Within each ethnic group, the ability of SGA and LGA (exposure) to predict the outcomes was assessed. Sensitivity, specificity, positive predictive value (PPV) and negative predictive value (NPV) were calculated for each of the three charts’ SGA and LGA cut-offs. Receiver operating characteristics (ROC) and area under the ROC (AUROC) were produced to summarise the diagnostic performance of the respective cut-offs. As more than one diagnostic test (BiB vs UK-WHO cut-off; BiB vs GROW, etc) was tested on the same individual, a comparison of AUROCs between charts was made using Stata's correlated ROC method, “roccomp”.

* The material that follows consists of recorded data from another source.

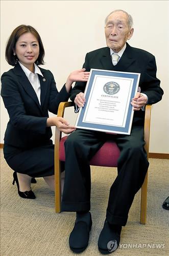 기네스북 '세계 최고령 남성' 일본인 112세로 별세
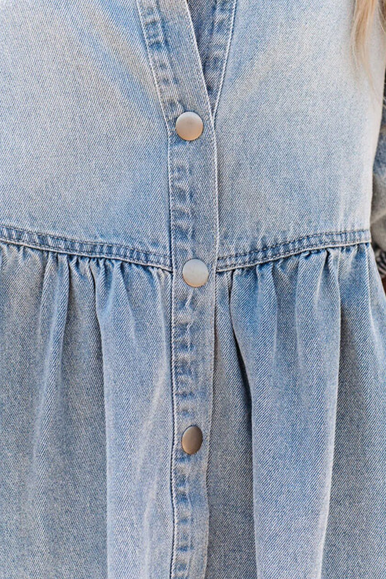 Меката деним материя пада естествено по тялото, а леко обемните ръкави и копчетата отпред по цялата дължина придават модерен акцент. Деликатно набраната талия оформя женствен силует, без да ограничава удобството.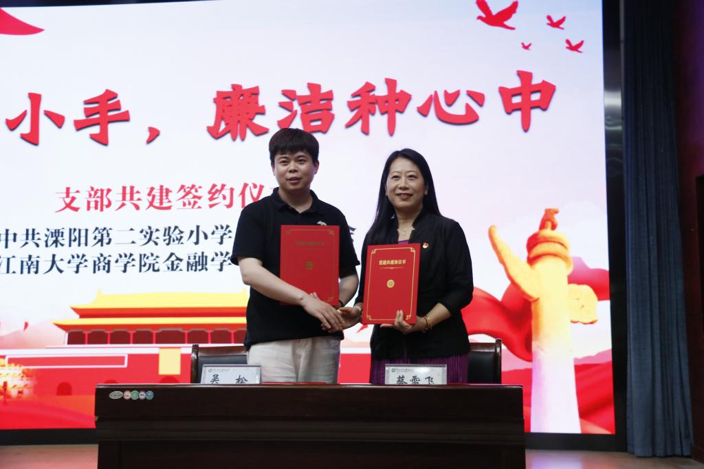 之后,在双方党员的见证下,中共溧阳市第二实验小学支部委员会与中共江南大学商学院金融学学生支部委员会开展“大手拉小手,廉洁种心中”的党建联盟签约共建仪式。
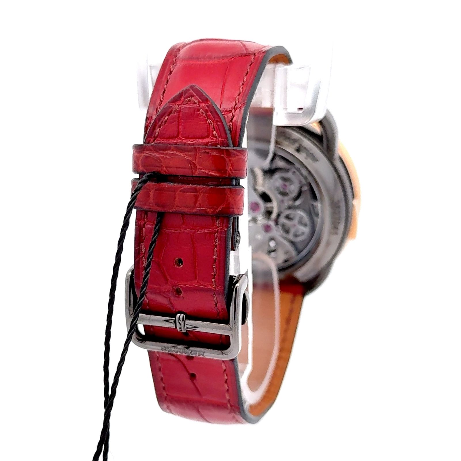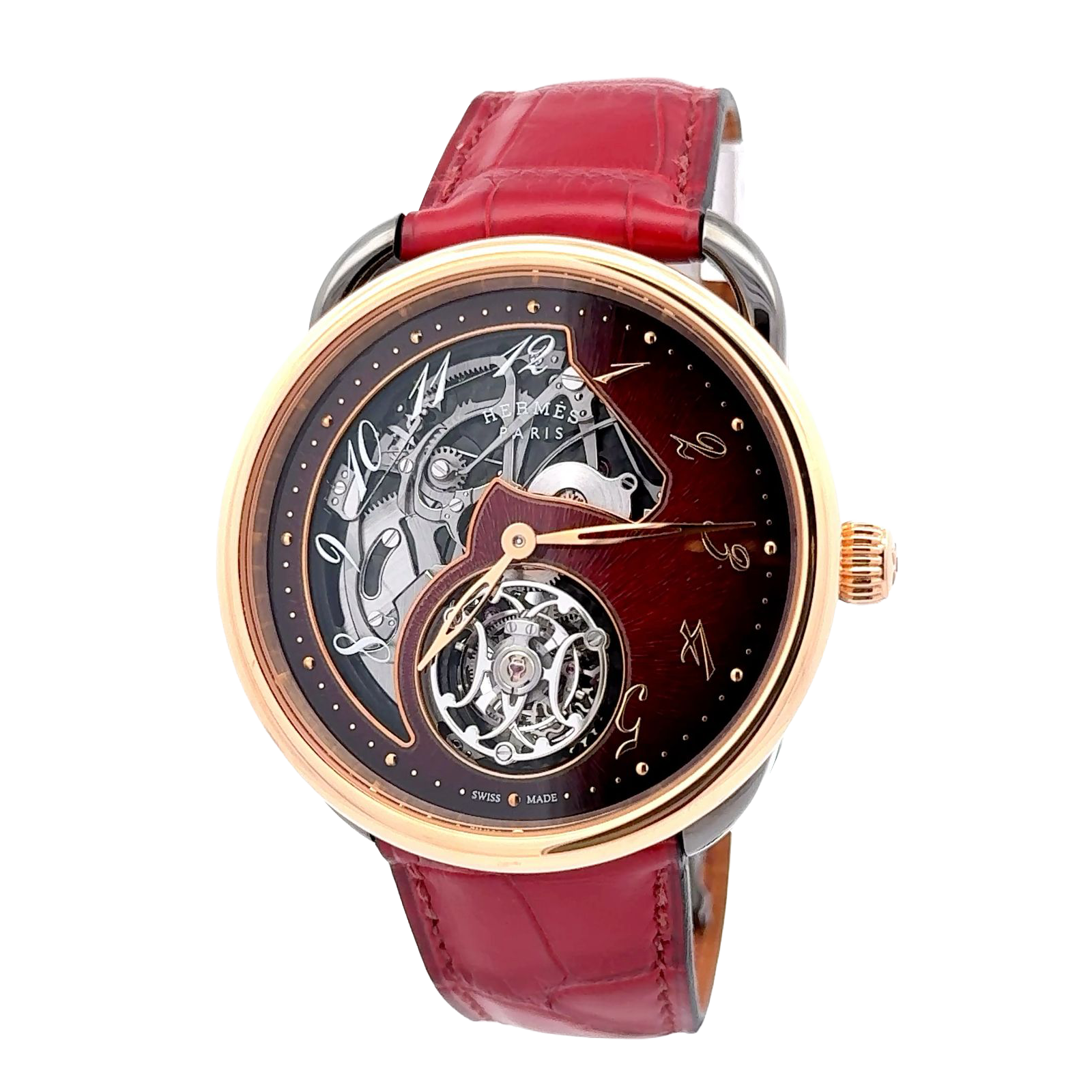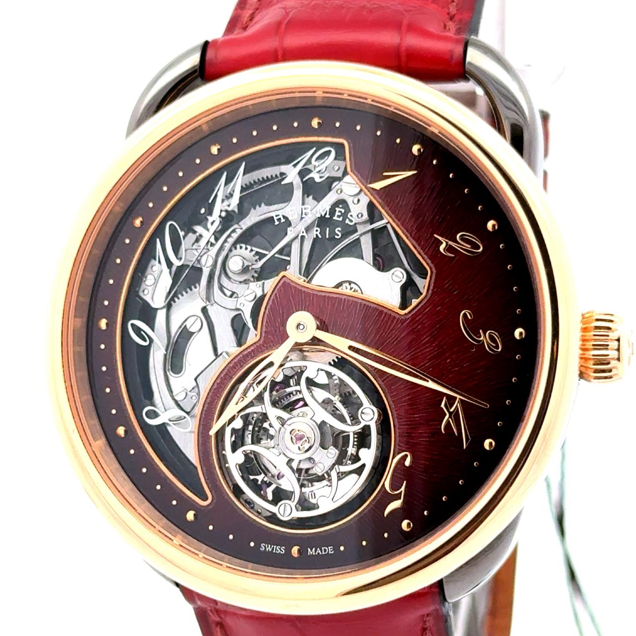 Hermès Arceau Piece Unique is a poetic fusion of haute horlogerie and artistic expression, distinguished by its sculptural elegance and mechanical sophistication. Encased in warm rose gold, this singular creation from Hermès’ Arceau collection showcases a partially skeletonized dial that reveals the intricate choreography of its hand-wound movement. The dial features whimsical, slanted Arabic numerals—an Arceau signature—evoking the rhythm of a galloping horse, while the tourbillon at 6 o’clock anchors the composition with technical gravitas and visual drama. The red leather strap adds a bold, contemporary contrast, enhancing the watch’s expressive character. Beneath the sapphire crystal, the craftsmanship is unmistakable: from the finely finished bridges to the delicate interplay of gears, every detail reflects Hermès’ commitment to artisanal excellence. As a piece unique, this watch transcends conventional luxury, offering collectors a rare embodiment of time, artistry, and individuality.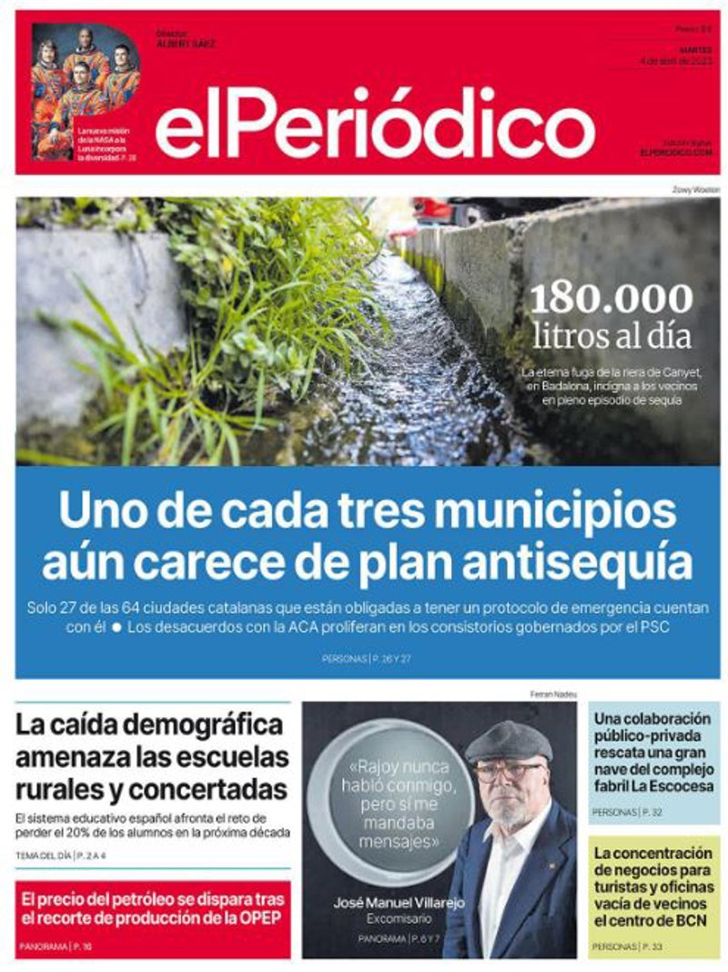 EL PERIÓDICO: "Uno de cada tres municipios aún carece de plan antisequía"; "La caída demográfica amenaza las escuelas rurales y concertadas"; "Una colaboración público-privada rescata una gran nave del complejo fabril La Escocesa"; "La concentración de negocios para turistas y oficinas vacía de vecinos el centro de BCN"; "José Manuel Villarejo, excomisario: "Rajoy nunca habló conmigo, pero sí me mandaba mensajes"".

The production of the ethnic-specific centiles/z scores was done using ‘LMSchartmaker Light’ V.2.54.32 GROW centiles were produced using the ‘Customised Centile Calculator’ V.6.7 software from the Perinatal Institute.33 All other analyses were conducted in Stata/IC V.12.1.

Results

Table 1 provides descriptive statistics for the 8428 infants and mothers in the sample who had cut-offs from all three charts. There was a similar distribution of males and females within each of the ethnic groups. Pakistani infants were born, on average, approximately 1.25 days earlier than White British infants and were around 220 g lighter. Pakistani mothers were approximately 4.4 cm smaller, 7 kg lighter and 1 year older than White British mothers.

Table 1

Maternal and infant characteristics (percentages rounded to nearest whole number (1 dp. when close to zero))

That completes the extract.